Remote Work Scams – The 70 to 1 Odds Against You and Tips You Need To Protect Yourself

remote work scamsThere are a lot of scammers out there, heartless, pathetic thieves, lacking in both conscience and character, stealing money from gullible people on the internet, don’t be their next victim.

Remote work scams are thriving, especially on the internet.  It’s human nature to want the easy way out, I do it, you do it, everyone does it. So don’t beat yourself up for being naive.

Danilo Rizzuti / FreeDigitalPhotos.net

Internet scammers prey on people’s desperation, greed and hope simultaneously. The statistics on remote work scams are mind-boggling. According to a CBS Denver report,

For every one legitimate work-at-home job posted online, there are about 70 scams.

Seriously? 70-1 odds, you have much better chances in a Las Vegas casino.

The bottom line: If it sounds to good to be true, it very very very likely is, so use common sense. So how does this apply to You?

So how do can you avoid being scammed? Watch out for and pay attention to the warning signs.

1. Run away from any advertisement that asks for your hard-earned money.

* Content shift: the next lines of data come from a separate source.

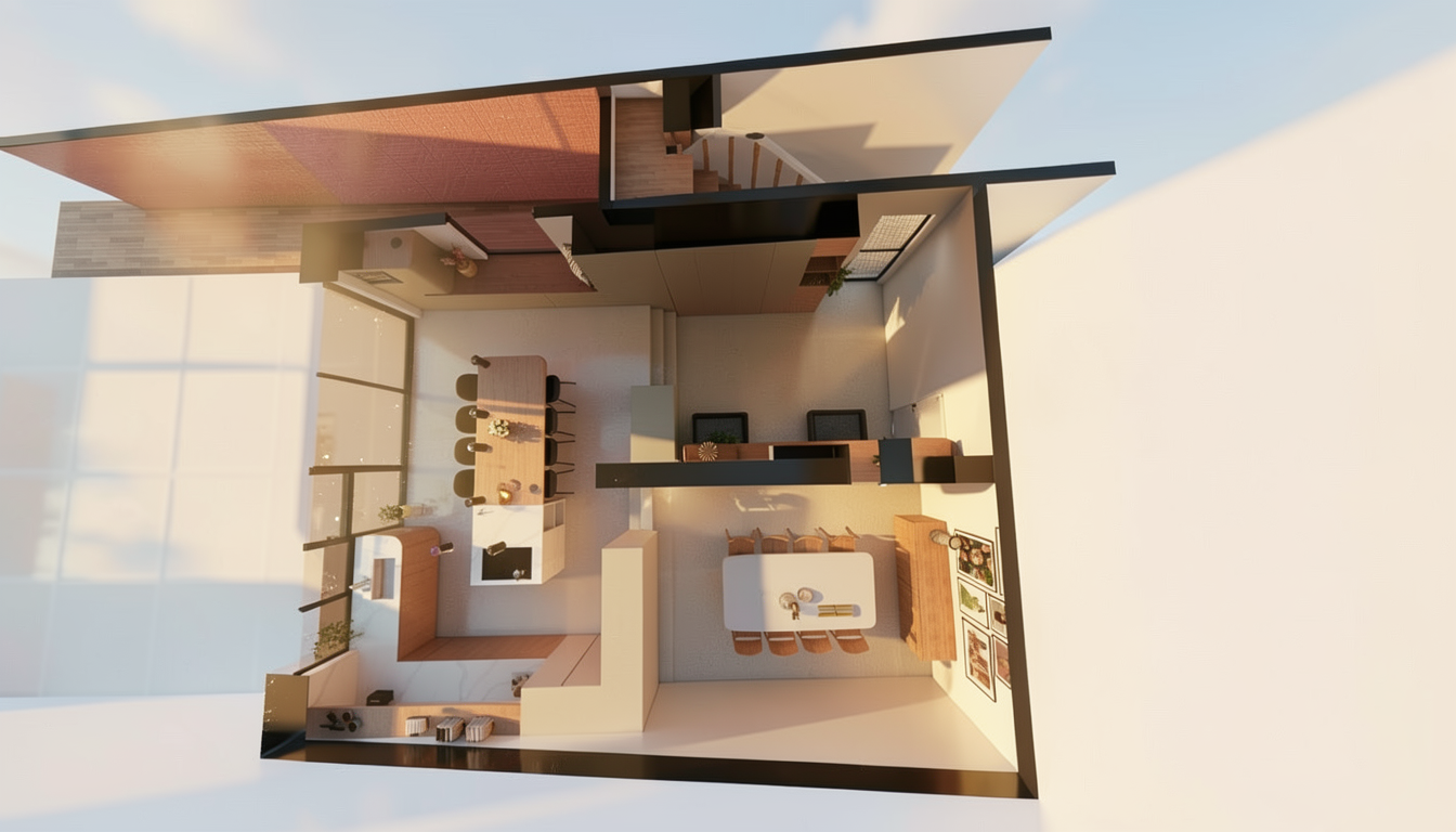exterior shot make a beautiful render of this model colours like they are sunny with clouds tress around the house with no flowers beside the entrance put a modern simple pot with bush on each side architecture
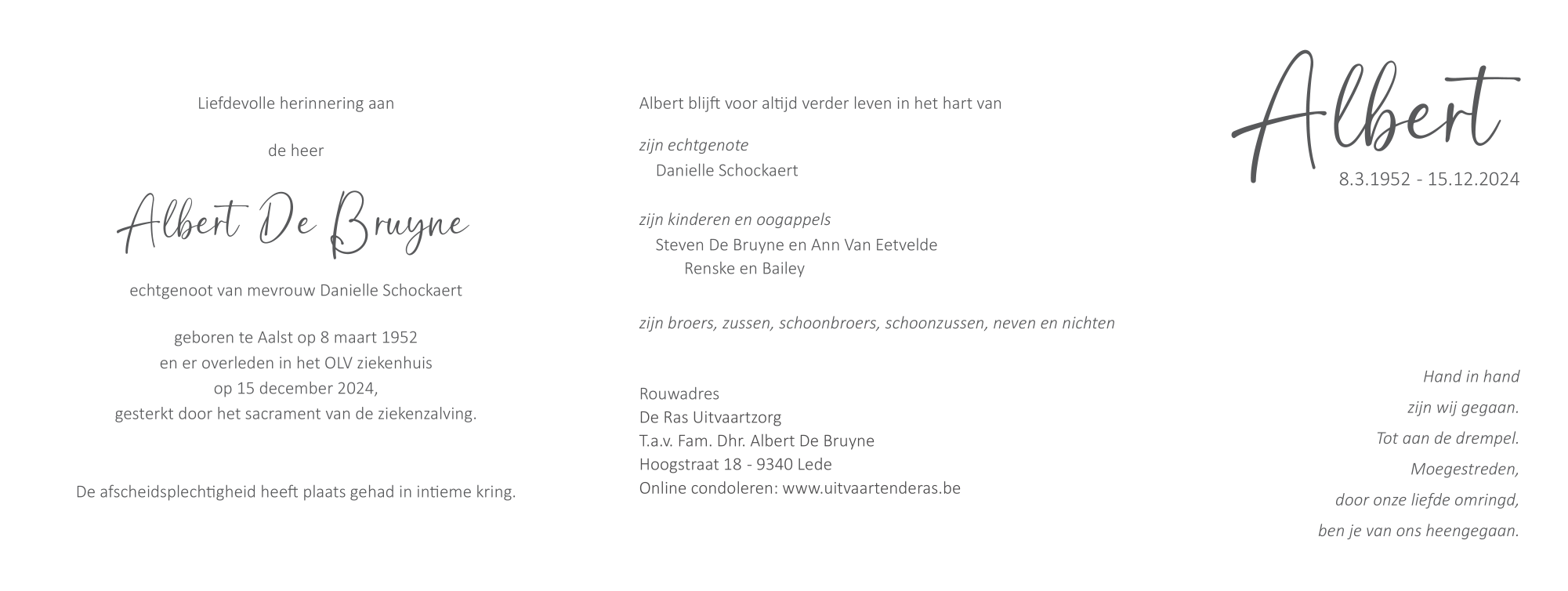 Overleden te Aalst (9300) op zondag 15 december 2024 op 72-jarige leeftijd
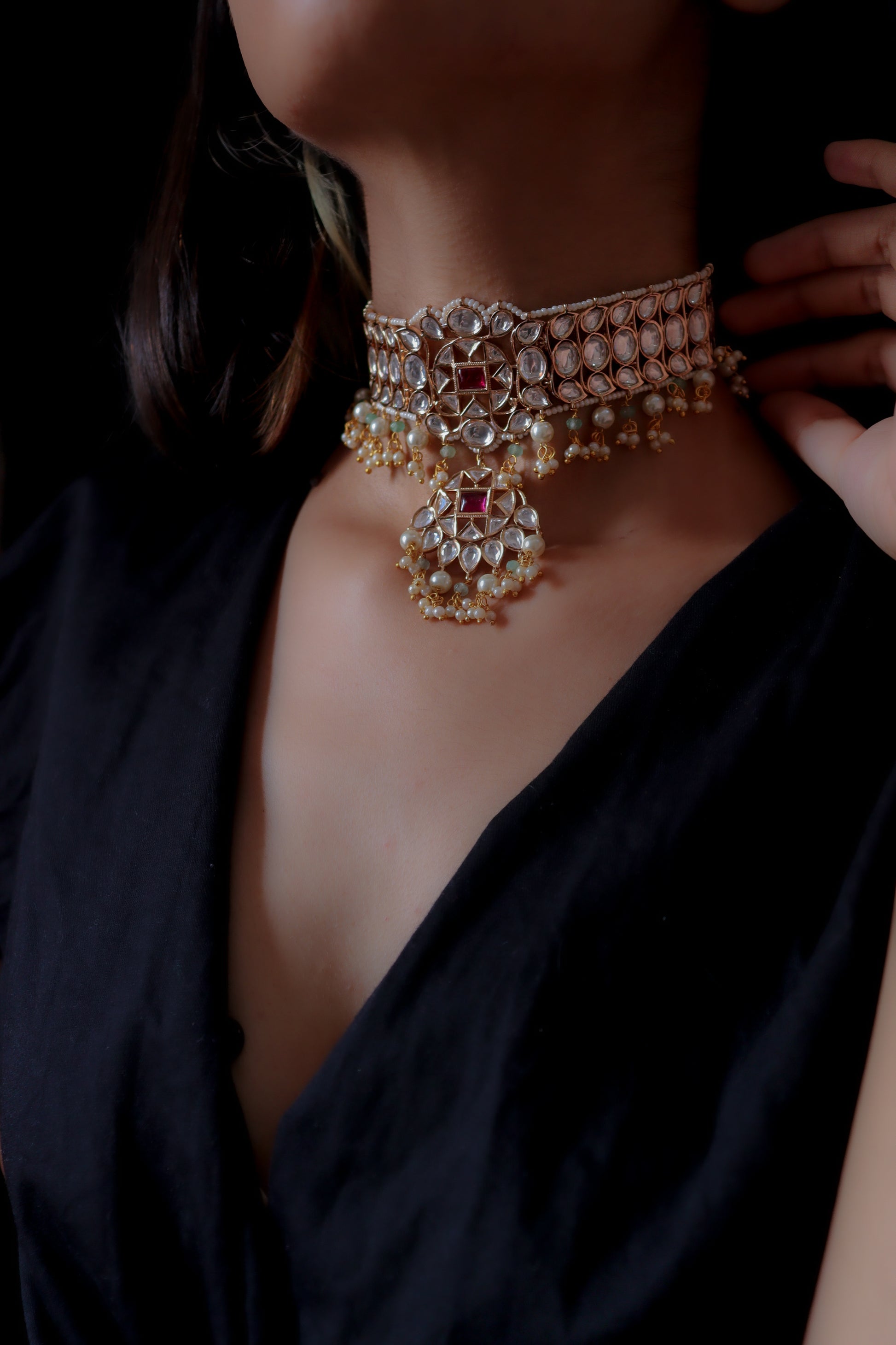 This kundan choker is rooted in traditional heritage, the design features a kundan encrusted design with red hue at the center. The design is embellished with accents of mint stones and pearls.
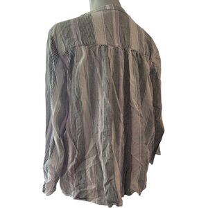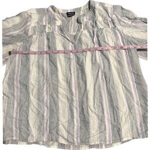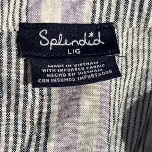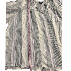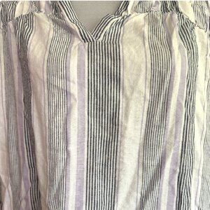 Splendid women's linen blend striped white purple v-neck blouse shirt sz L
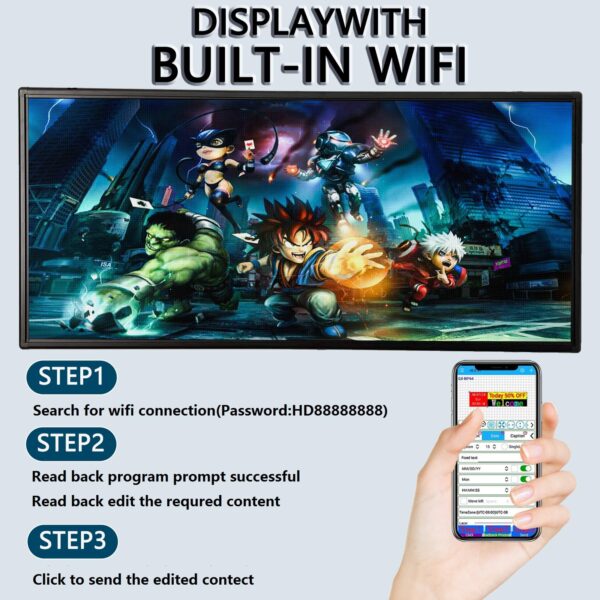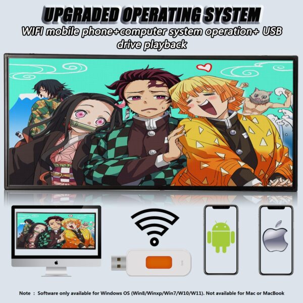 - 【Easy To Use】Programmable message by PC software save to u-disk and update through U-disk,Or sent the message by WIFI. PC software only support Windows system, can’t support Mac Os. also can program message by smart phone.Wi-fi connection by Iphone and Android APP to update the message (Just scan the code to download the app)

Repeat, a legitimate job will almost never require you to pay them up front for any of the following:

  • Registration fees.
  • Training or training materials.
  • Supplies.
  • Processing fees.
  • Deposits.

There may be some rare exceptions, but I wouldn’t take my chances.

In the same CBS Denver report, according to Alpine Access President and CEO Chris Carrington,

never pay a company for training, speak with someone — firms that want to scam you will never talk to you, and a legitimate home-based company will pay you every two weeks.

2. Before responding to an advertisement, Google the company’s name with the word “scam” after it.

There are definitely exceptions to this tip, unfortunately there are a lot of weirdo’s and crazy people in the world who take great joy in hating companies or past employers that they incorrectly perceive to have wronged them.

What you are looking for is volume and diversity in responses.  It will become obvious quickly whether or not it is a scam.  It’s like pornography, I don’t know how to define it, but I know it when I see it.

3. Use alternatives to “Work at Home” or “Work from Home” in your search.

Instead, search on terms like remote jobs, telework, or telecommute. These terms are less scam prone in searches. Also try to keep your search limited to legitimate remote job sites.

4. Don’t respond to unsolicited emails, especially those with a lot of punctuation like “!!!”.

Think about it, if you have ever hired someone or outsourced work, did you send out emails to random strangers? Of course not.  Mark these emails as spam, and don’t even open them, many contain viruses or are part of phishing scams.

5. Use common sense.

This is obvious, but we all make dumb, emotionally driven decisions from time to time. If it looks too good to be true, it probably is. There is no Santa Claus, there is no Easter Bunny, so why would you likewise expect a random stranger to email you an opportunity to make thousands of dollars per month from home?

Because they don’t.

What to do if you are scammed.

If you already have been or ever are caught in a scam, contact your local authorities immediately.  It’s important to report the scammers so other people are spared the financial and emotional misery these scams can cause.

If you are in the United States, I also recommend contacting the FBI eScams and Warnings site and Federal Trade Commission Consumer Protection Branch.